### [Material provided]
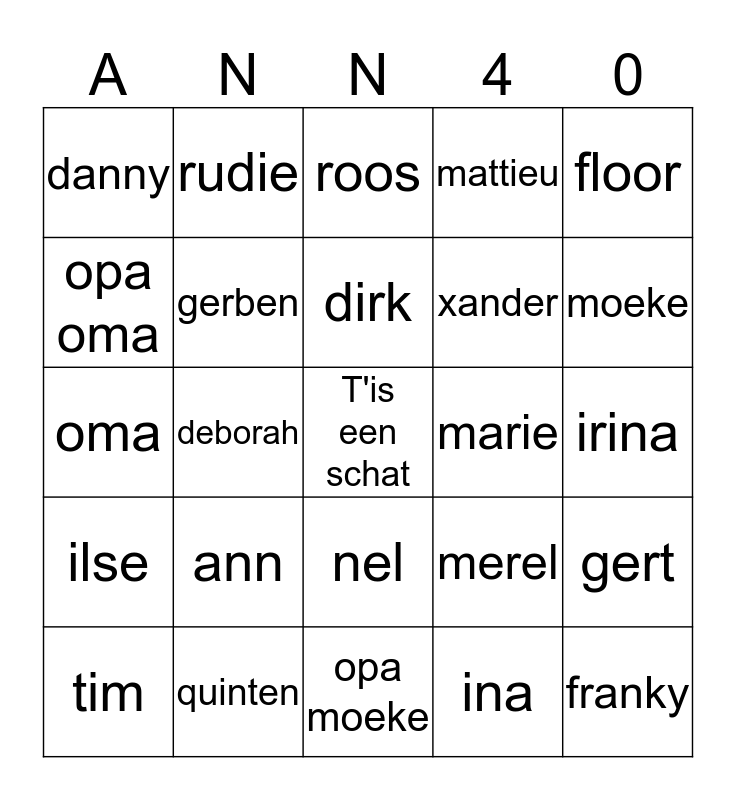 This bingo card has a free space and 24 words: ann, quinten, dirk, tim, floor, danny, opa oma, rudie, marie, nel, xander, oma, merel, gert, gerben, ina, irina, roos, moeke, deborah, franky, ilse, mattieu and opa moeke.
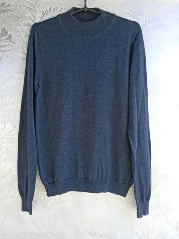 Синьо-сірий мериносовий светрик. р.М. У вільному стані плечі 36.груди 44. рукав 65.довжина 63.стан нового.
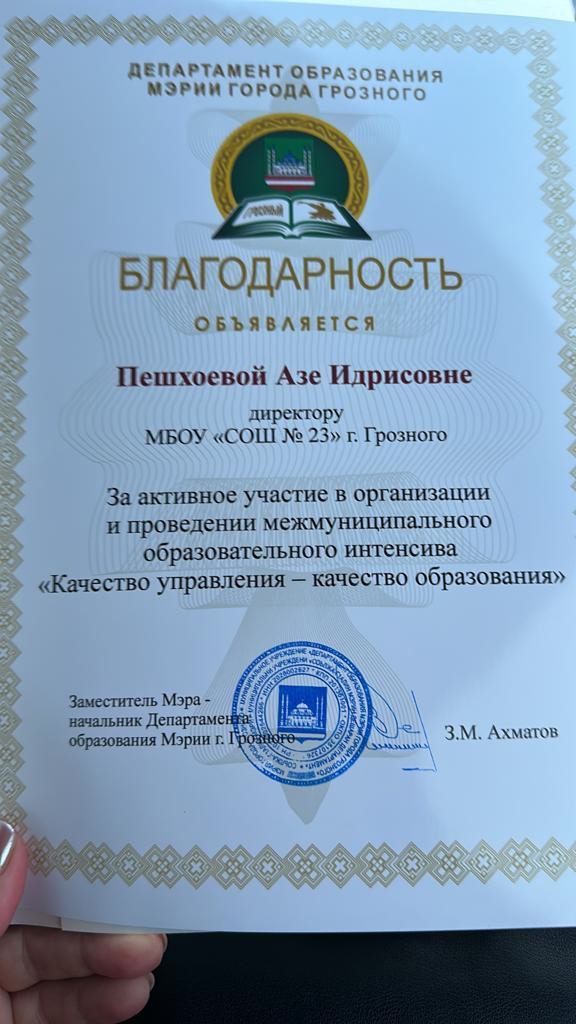 02.06.2023Департамент образования Мэрии г. Грозного объявил благодарность директору МБОУ «СОШ № 23» г. Грозного Пешхоевой Азе Идрисовне за активное участие в организации и проведении межмуниципального образовательного интенсива «Качество управления - качество образования».

### [Activity]
Word for word, restate all of the data, but do not copy the pictures.

### [Expected output]
 This bingo card has a free space and 24 words: ann, quinten, dirk, tim, floor, danny, opa oma, rudie, marie, nel, xander, oma, merel, gert, gerben, ina, irina, roos, moeke, deborah, franky, ilse, mattieu and opa moeke.
 Синьо-сірий мериносовий светрик. р.М. У вільному стані плечі 36.груди 44. рукав 65.довжина 63.стан нового.
 02.06.2023Департамент образования Мэрии г. Грозного объявил благодарность директору МБОУ «СОШ № 23» г. Грозного Пешхоевой Азе Идрисовне за активное участие в организации и проведении межмуниципального образовательного интенсива «Качество управления - качество образования».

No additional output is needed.